Hydralazine for treatment of severe hypertension in pregnancy: meta-analysis. | Read by QxMD (original) (raw)

OBJECTIVE: To review outcomes in randomised controlled trials comparing hydralazine against other antihypertensives for severe hypertension in pregnancy.

STUDY DESIGN: Meta-analysis of randomised controlled trials (published between 1966 and September 2002) of short acting antihypertensives for severe hypertension in pregnancy. Independent data abstraction by two reviewers. Data were entered into RevMan software for analysis (fixed effects model, relative risk and 95% confidence interval); in a secondary analysis, risk difference was also calculated.
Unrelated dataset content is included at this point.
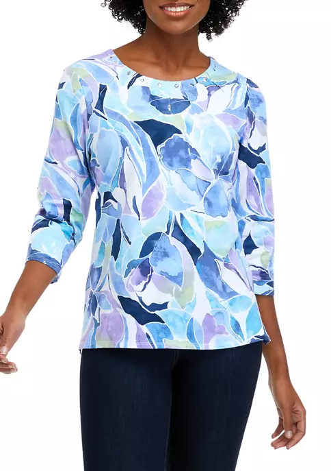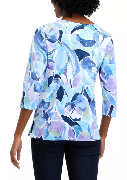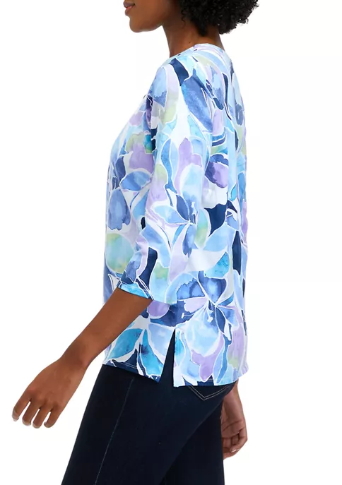 Best Sale π Alfred Dunner Petite Copper Canyon Asymmetrical Hem 3/4 Sleeve Floral Print Top π
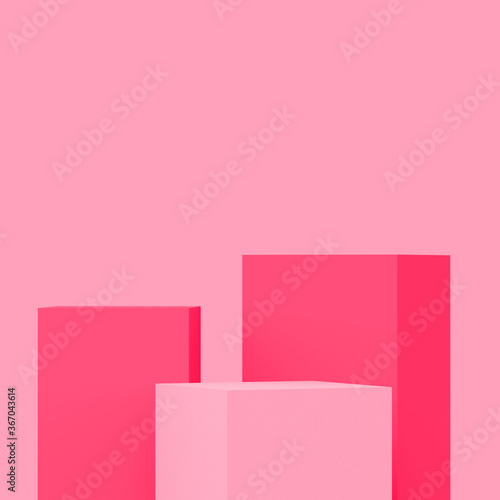 3d pink cubes square podium minimal studio background. Abstract 3d geometric shape object illustration render. Display for beauty cosmetic and valentine product.

RESULTS: Of 21 trials (893 women), eight compared hydralazine with nifedipine and five with labetalol. Hydralazine was associated with a trend towards less persistent severe hypertension than labetalol (relative risk 0.29 (95% confidence interval 0.08 to 1.04); two trials), but more severe hypertension than nifedipine or isradipine (1.41 (0.95 to 2.09); four trials); there was significant heterogeneity in outcome between trials and differences in methodological quality. Hydralazine was associated with more maternal hypotension (3.29 (1.50 to 7.23); 13 trials); more caesarean sections (1.30 (1.08 to 1.59); 14 trials); more placental abruption (4.17 (1.19 to 14.28); five trials); more maternal oliguria (4.00 (1.22 to 12.50); three trials); more adverse effects on fetal heart rate (2.04 (1.32 to 3.16); 12 trials); and more low Apgar scores at one minute (2.70 (1.27 to 5.88); three trials). For all but Apgar scores, analysis by risk difference showed heterogeneity between trials. Hydralazine was associated with more maternal side effects (1.50 (1.16 to 1.94); 12 trials) and with less neonatal bradycardia than labetalol (risk difference -0.24 (-0.42 to -0.06); three trials).

CONCLUSIONS: The results are not robust enough to guide clinical practice, but they do not support use of hydralazine as first line for treatment of severe hypertension in pregnancy. Adequately powered clinical trials are needed, with a comparison of labetalol and nifedipine showing the most promise.